***** DATA TO USE
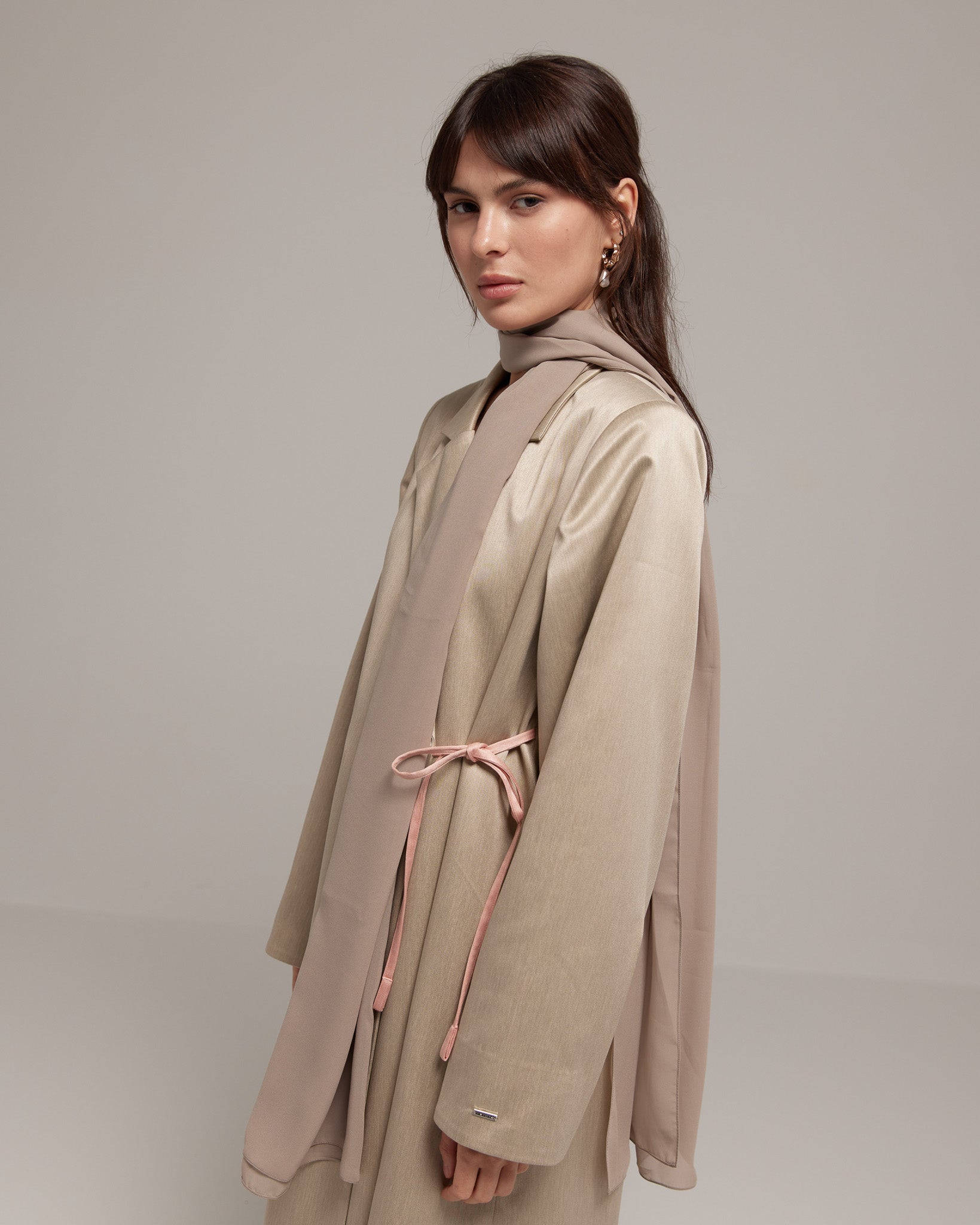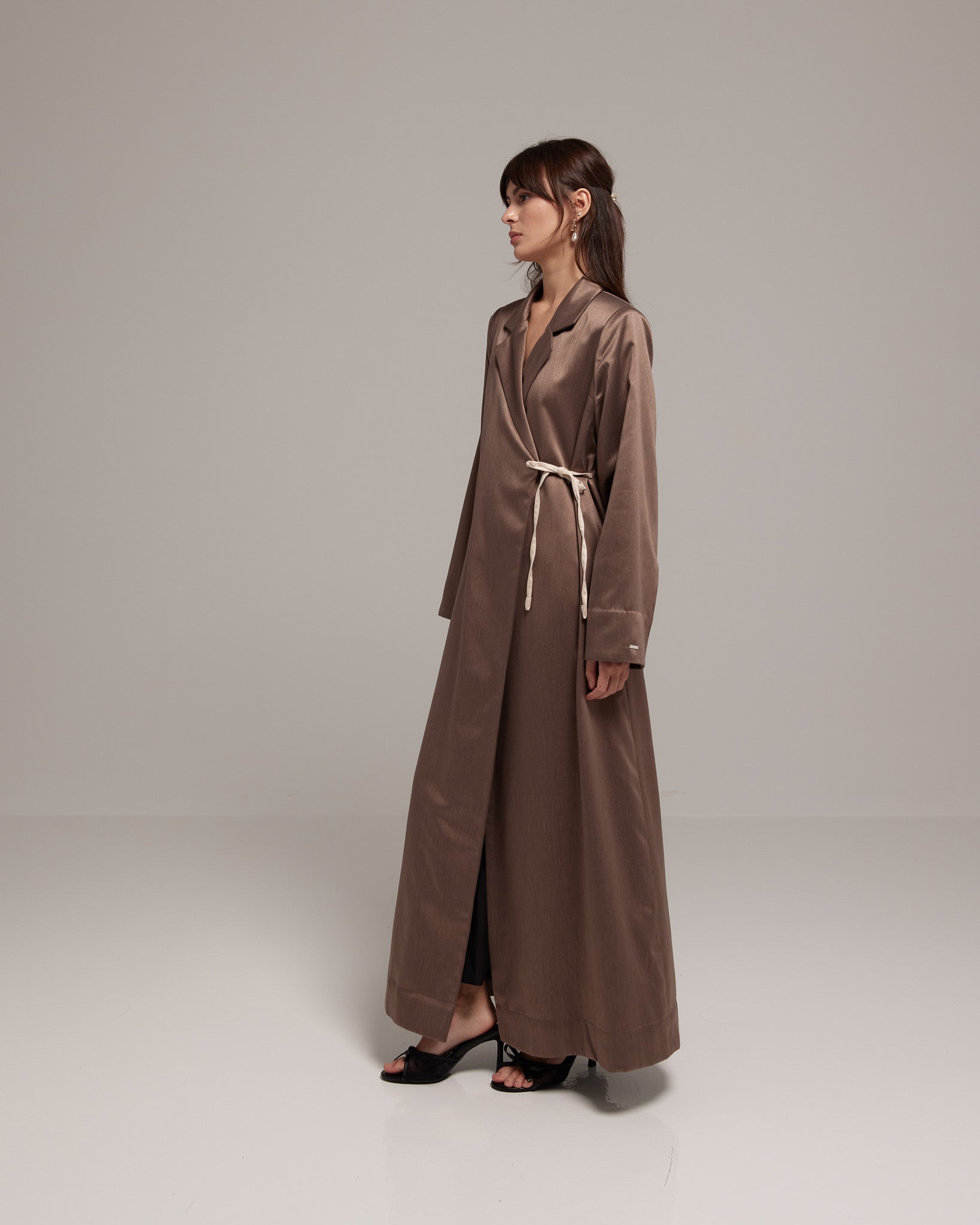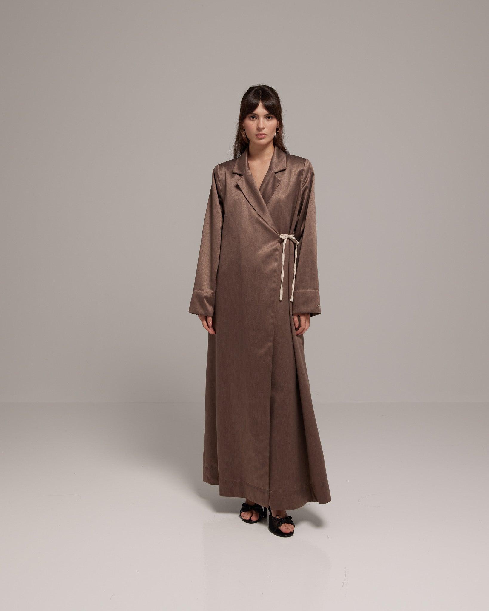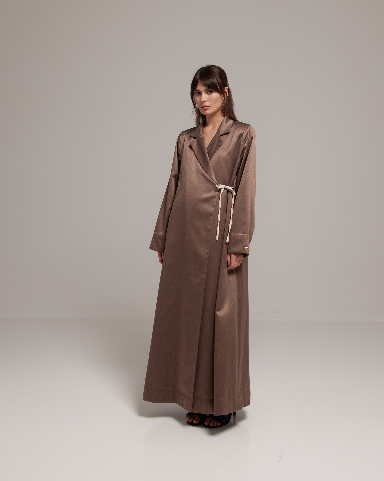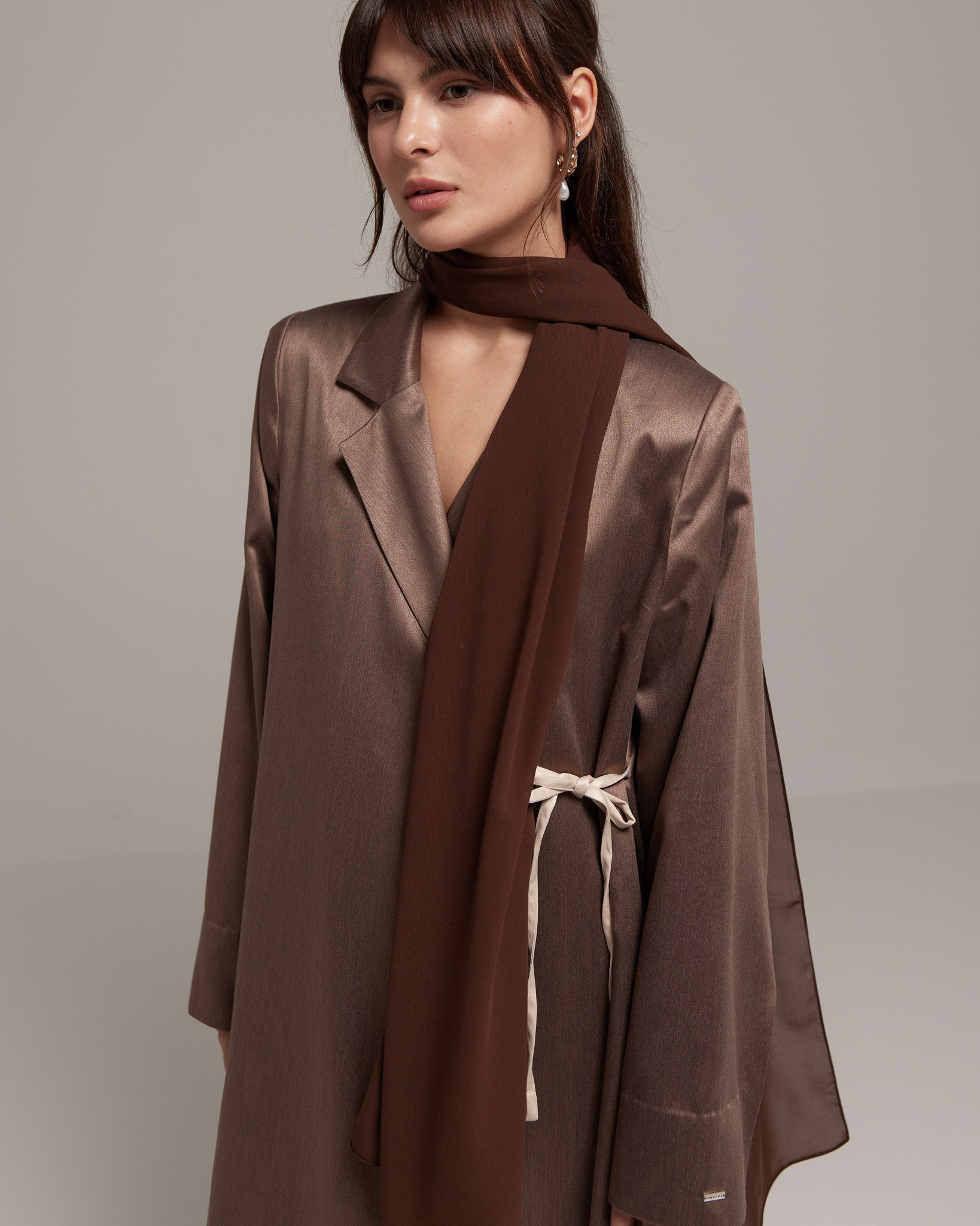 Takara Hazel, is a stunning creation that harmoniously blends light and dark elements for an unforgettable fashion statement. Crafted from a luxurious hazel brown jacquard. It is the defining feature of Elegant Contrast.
**********
***** DATA TO USE
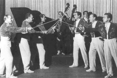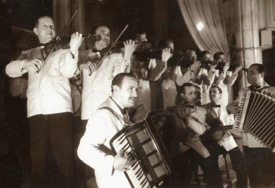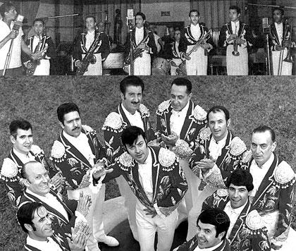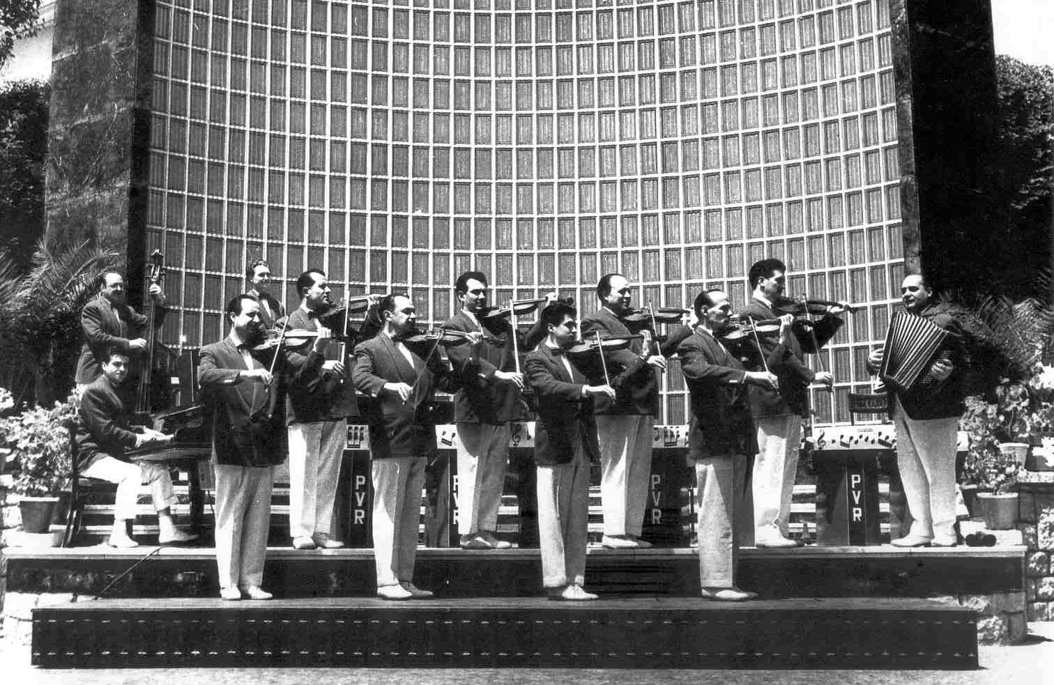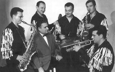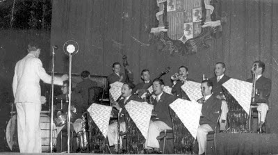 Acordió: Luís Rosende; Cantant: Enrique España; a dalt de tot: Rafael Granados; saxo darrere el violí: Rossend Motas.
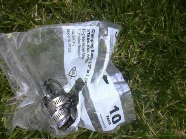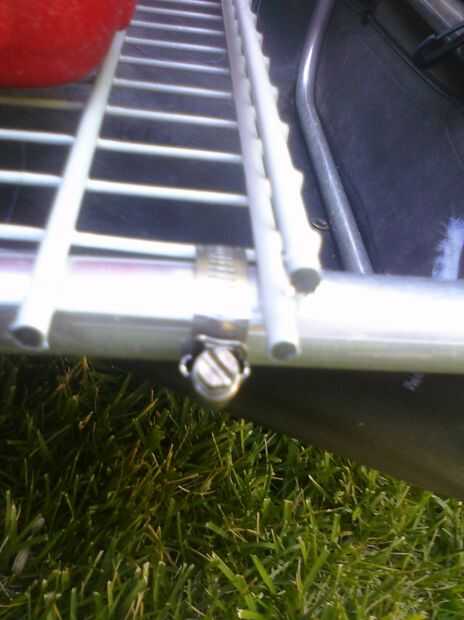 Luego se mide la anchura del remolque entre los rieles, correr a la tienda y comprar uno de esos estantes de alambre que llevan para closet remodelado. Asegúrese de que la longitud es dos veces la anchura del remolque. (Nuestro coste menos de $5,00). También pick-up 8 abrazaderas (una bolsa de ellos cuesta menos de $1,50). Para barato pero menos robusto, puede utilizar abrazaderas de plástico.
**********
***** DATA TO USE
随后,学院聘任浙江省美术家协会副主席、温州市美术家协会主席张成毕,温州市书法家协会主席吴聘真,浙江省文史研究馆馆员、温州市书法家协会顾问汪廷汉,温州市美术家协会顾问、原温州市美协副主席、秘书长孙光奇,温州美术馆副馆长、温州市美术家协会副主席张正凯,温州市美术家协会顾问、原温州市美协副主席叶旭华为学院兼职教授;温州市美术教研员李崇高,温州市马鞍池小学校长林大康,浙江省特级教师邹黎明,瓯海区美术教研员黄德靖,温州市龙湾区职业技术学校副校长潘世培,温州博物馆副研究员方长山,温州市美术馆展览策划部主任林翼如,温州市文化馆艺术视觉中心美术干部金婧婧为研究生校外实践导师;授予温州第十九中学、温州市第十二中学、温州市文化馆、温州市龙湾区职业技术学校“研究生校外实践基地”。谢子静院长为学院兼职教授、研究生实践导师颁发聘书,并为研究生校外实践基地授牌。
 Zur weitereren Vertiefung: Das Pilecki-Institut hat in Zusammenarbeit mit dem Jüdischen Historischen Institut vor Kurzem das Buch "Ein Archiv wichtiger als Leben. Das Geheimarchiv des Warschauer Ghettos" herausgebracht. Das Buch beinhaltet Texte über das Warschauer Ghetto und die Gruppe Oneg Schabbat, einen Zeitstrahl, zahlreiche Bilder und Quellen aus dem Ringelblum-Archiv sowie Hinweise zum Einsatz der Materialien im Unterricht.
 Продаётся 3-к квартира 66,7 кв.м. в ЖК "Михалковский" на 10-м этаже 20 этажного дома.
**********
When you reach the line with "Acordió: Luís Rosende;" in the records above, start writing out each line exactly, and stop after the line with "Luego se mide". Pictures stay out.

 Acordió: Luís Rosende; Cantant: Enrique España; a dalt de tot: Rafael Granados; saxo darrere el violí: Rossend Motas.
 Luego se mide la anchura del remolque entre los rieles, correr a la tienda y comprar uno de esos estantes de alambre que llevan para closet remodelado. Asegúrese de que la longitud es dos veces la anchura del remolque. (Nuestro coste menos de $5,00). También pick-up 8 abrazaderas (una bolsa de ellos cuesta menos de $1,50). Para barato pero menos robusto, puede utilizar abrazaderas de plástico.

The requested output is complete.